Over the past four years, the fear-based American nationalism of the Trump administration has taken the trade conversation to a degree of protectionism rather than some sort of global engagement strategy. “Where should we put up barriers?” was the operating philosophy, a short-term, ill-informed approach that proved to be ineffective decades ago.
A “made in USA” requirement for goods and services when the world has spent the past 75 years developing an integrated and efficient global system is a fantasy. It is not based on need, value, or even fairness, but on fear and mistrust, fueled by the same forces that already deeply divide the United States.
Some attention needs to be paid to this fear, and President-elect Joe Biden has proposed a $ 400 billion Buy America initiative in connection with much-needed infrastructure investments. But the world system is progressing and “America first” is putting us in danger of instant loans.
Unilateral trade barriers are an explicit rejection of the cooperative system – a clear invitation to others to forgo the American partnership, let alone leadership.
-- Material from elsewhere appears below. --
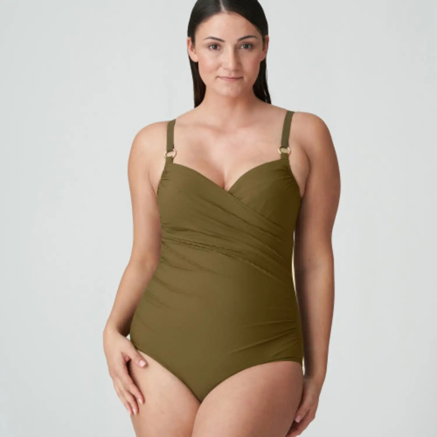 badpak PrimaDonna Swim Sahara. Elegant shaping badpak van lijntjesstof met een flatterende retrosnit. Vooraan is de stof elegant gedrapeerd, gouden ringen aan de bandjes maken je look compleet. Olijf is een warme kakitint met een chique gouden ondertoon. Een flatterende essential met een trendy touch.

An implicit assumption of American leadership in any global economy is built into this conversation, no matter how much protectionism we adopt. It’s delusional. American influence is already waning, especially given our abandonment of the global institutions that the United States helped establish: WTO, TPP, UNHCR, UNESCO, NATO (in part) and, of course, the Paris Climate Agreement. Unilateral trade barriers are an explicit rejection of the cooperative system – a clear invitation to others to forgo the American partnership, let alone leadership.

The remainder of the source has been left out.